I believe they're are some that are subspecies but there are two separate groups about 10 miles away from each other and the smaller group all do have white tips on their tail feathers when puffed up and are about half the size of the 2nd herd I seen today. The gobbler I seen today was BIG and had about 4 hens with him and when puffed up was black and brown tipped on his tail feathers. I haven't ever seen the two types together yet they aren't that far apart but unless a few of the hens have mixed the rio's are on the lower half of the valley, and the Merriam's are on the upper half of the valley, at least where I am. Hopefully tomorrow I can take one. To my knowledge I only have seen the one Rio gobbler would it be wise to shoot him? I really would like him to at least breed the hens before he meets his maker. It would be nice if they would have planted a few more down around here maybe one day that will come but there just aren't many of the Rio gobblers there are quite a few of the Merriam's though. Also I was told the Merriam's were illegally planted by someone is this true or false?

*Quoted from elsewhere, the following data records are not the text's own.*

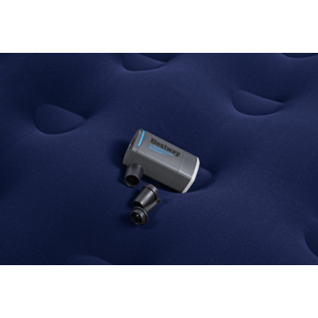 Deze Bestway Power Touch oplaadbare luchtpomp neem je overal mee naartoe! Deze luchtpomp kan artikelen opblazen en leeg laten lopen. Deze luchtpomp is oplaadbaar d.m.v. ingebouwde 1600mAh rechargeable Li-ion batteries met batterijduur lampje. Ook bevat het een LED lamp met 3 standen en SOS modus plus een powerbank functie: 5V 2A output. Volle batterij duur: ongeveer 30 minuten. Inclusief 3 opzetstukken, USB-A naar USB-C oplaadkabel en draagtas. Maximale capaciteit: 200 L/min.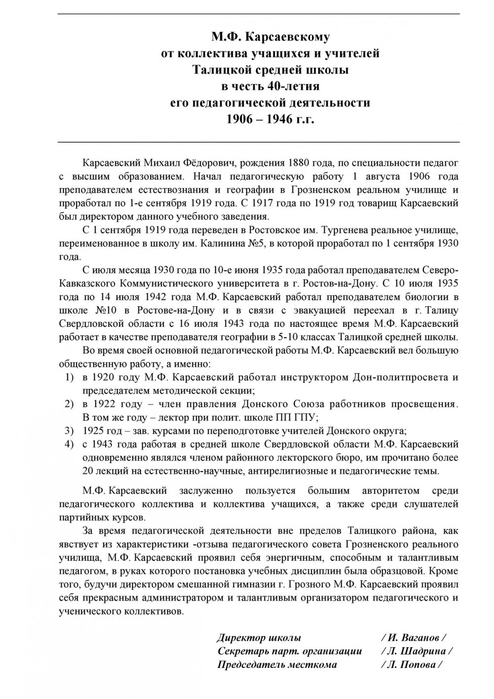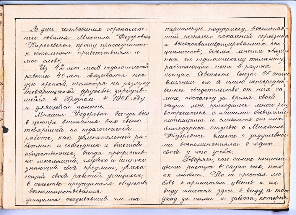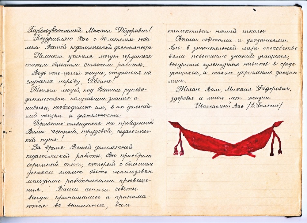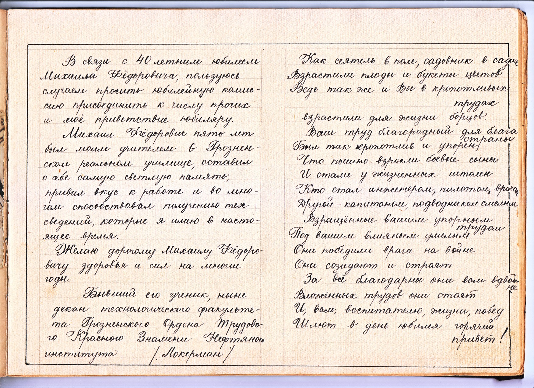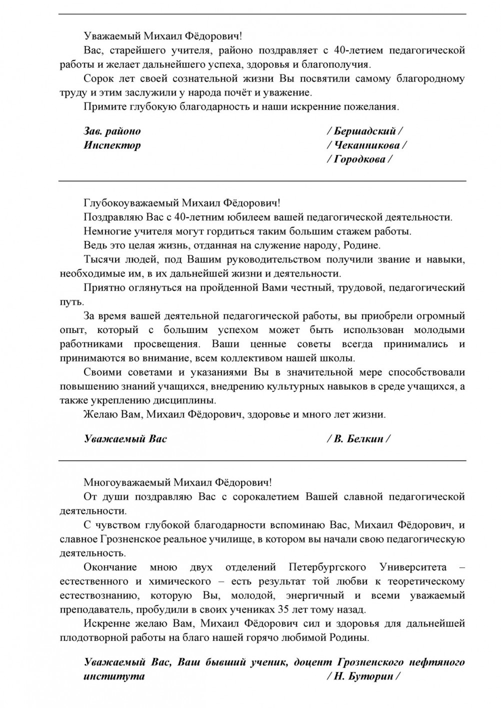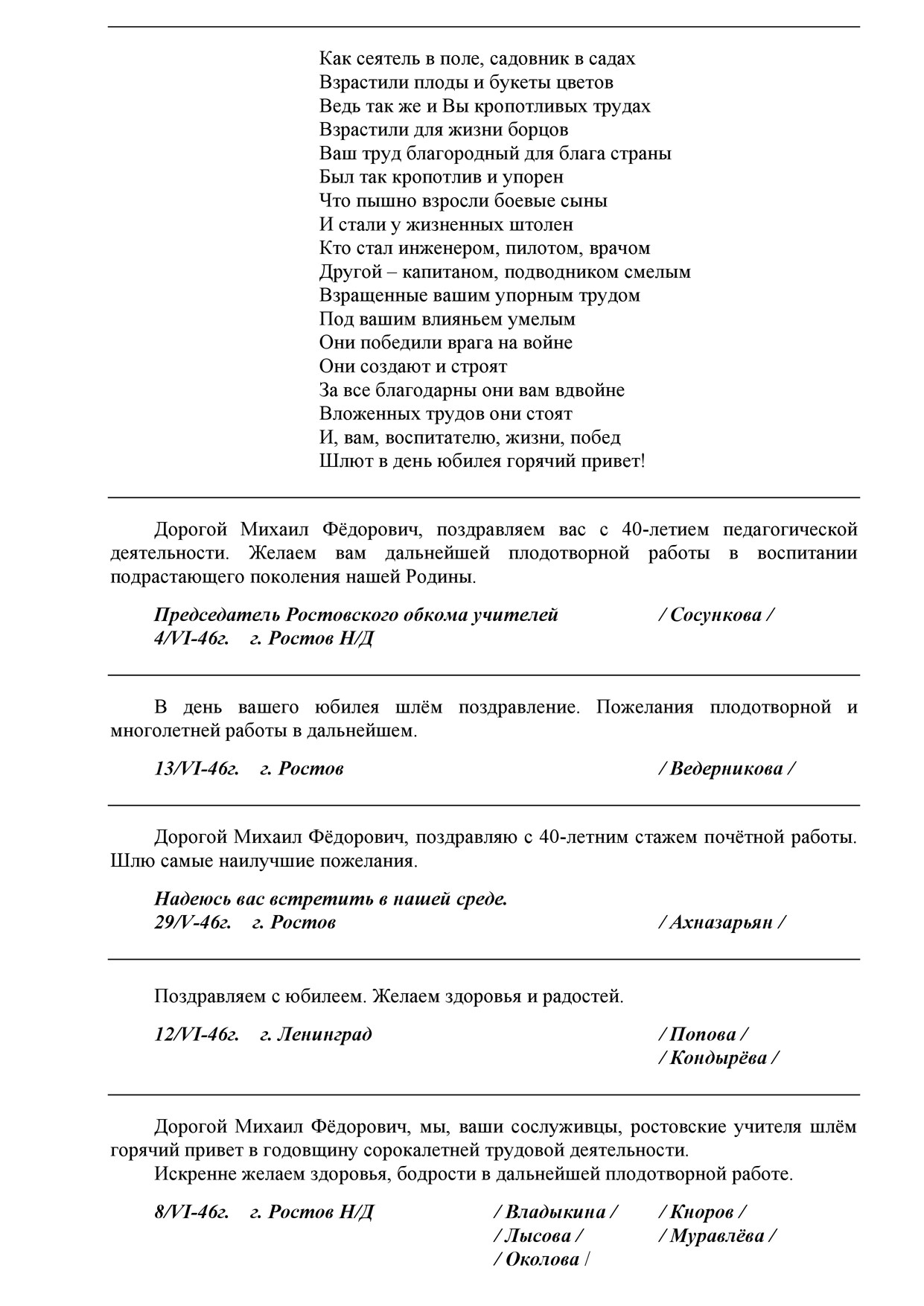 В 1946 году у Михаила Фёдоровича юбилей - 40 лет педагогической деятельности. На юбилей ученики, коллектив школы, руководство района (конечно же, при участии Натальи Михайловны) готовят юбиляру поздравление и Памятный альбом с воспоминаниями и пожеланиями от бывших и нынешних учеников, коллег и друзей.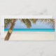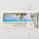 Convites de casamento de embarque com destino à praia com um cenário de praia tropical com palmeiras, luzes cintilantes, um coração esculpido com suas iniciais e um modelo de casamento moderno.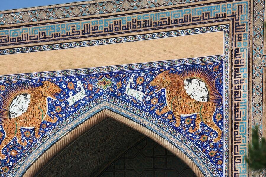 К сожалению, так и остался без ответа вопрос: Как получилось, что и в Бухаре, и а Самарканде на портале зданий конкретно религиозного культа изображены животные и человеческие лица (смотри на фото Шер-Дора). Ранее автор утверждал, что ислам запрещает это.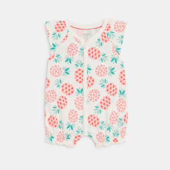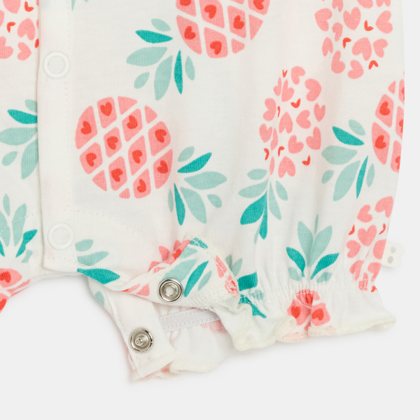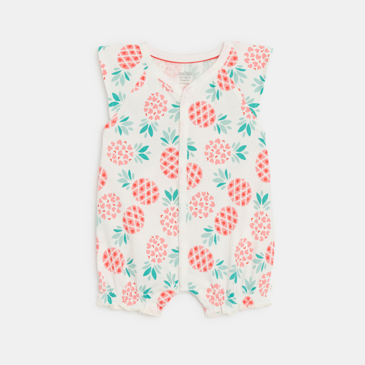Pour les journées chaudes des filles, cette combinaison courte à l'illustration gourmande est idéale : petites manches courtes volantées et cuisses élastiquées pour un confort maximal. Et pour un habillage facile des petites, ouverture devant par pressions.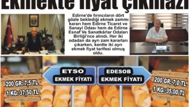 Edirne’de fırıncıların dört gözle beklediği ekmek zammı kararı hem Edirne Ticaret ve Sanayi Odası hem de Edirne Esnaf Ve Sanatkârlar…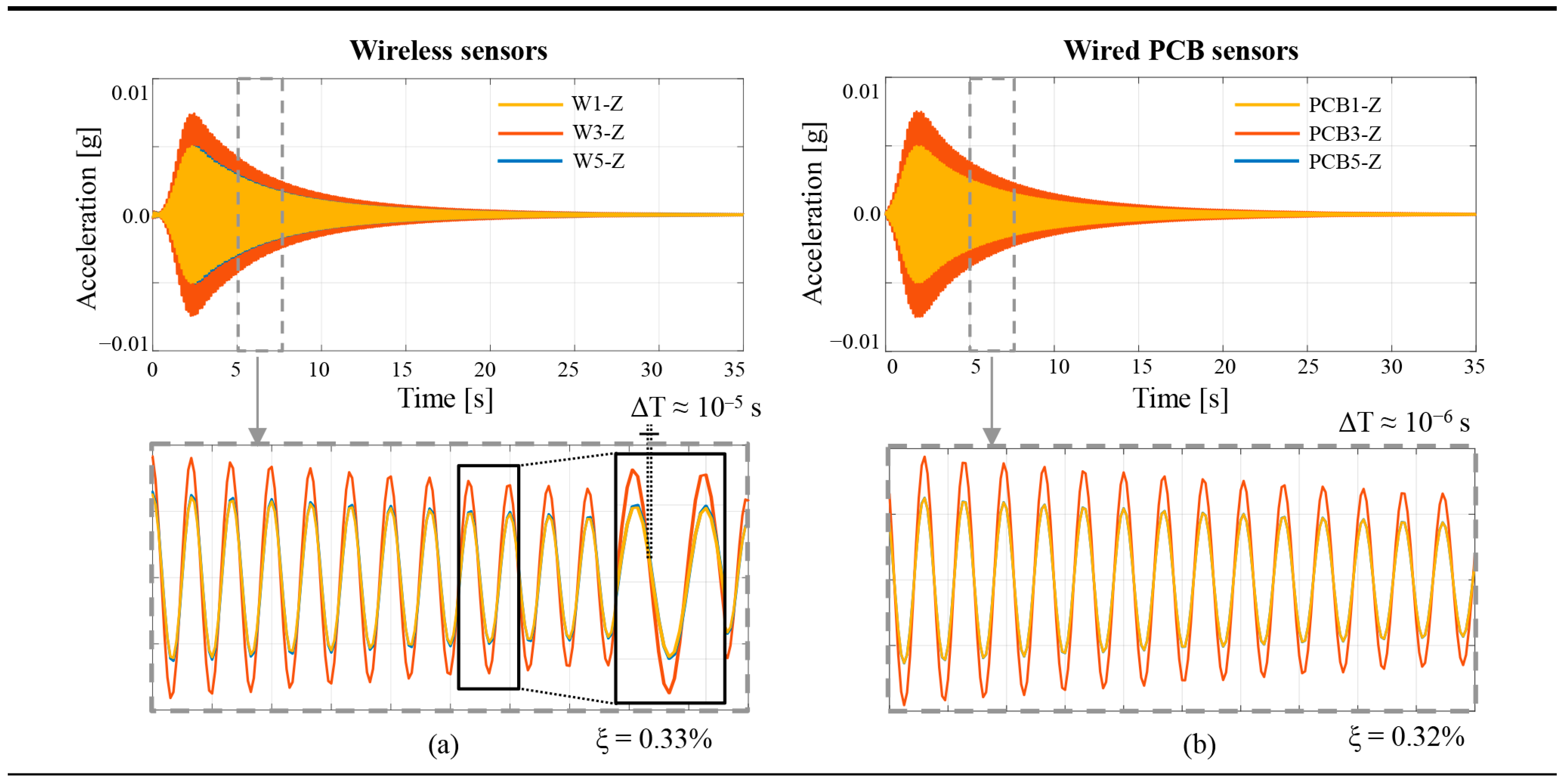 where ui is the amplitude of the acceleration at the i-th cycle. The damping ratios estimated based on the signals recorded with the wireless and wired sensors are nearly identical, i.e., 0.33% evaluated with the wireless sensors vs. 0.32% with the wired PCB sensors.

Did the DWR plant both types in Utah?


----------



## Moose Hollow (Apr 26, 2008)

Merriam's are the bigger bird here is a picture of 2 toms the one on the right is a rio so the dwr said the other is a Merriam look at the white feathers.


----------



## luv2fsh&hnt (Sep 22, 2007)

Here is a link to a site with alot of information about turkeys. I don't know about any illegal plants of merriams turkeys.The dwr planted rios and merriams. I am not sure what the deal is with the photo Moose Hollow provided I still tend to believe the rio is the larger of the two birds. There are basically six species of turkeys in North America with the rio being slightly smaller than the eastern.I wouldn't worry about taking that rio gobbler rest assured there is another tom that will service those hens if you send him to meet his maker.

http://www.wildturkeyzone.com/index.htm


----------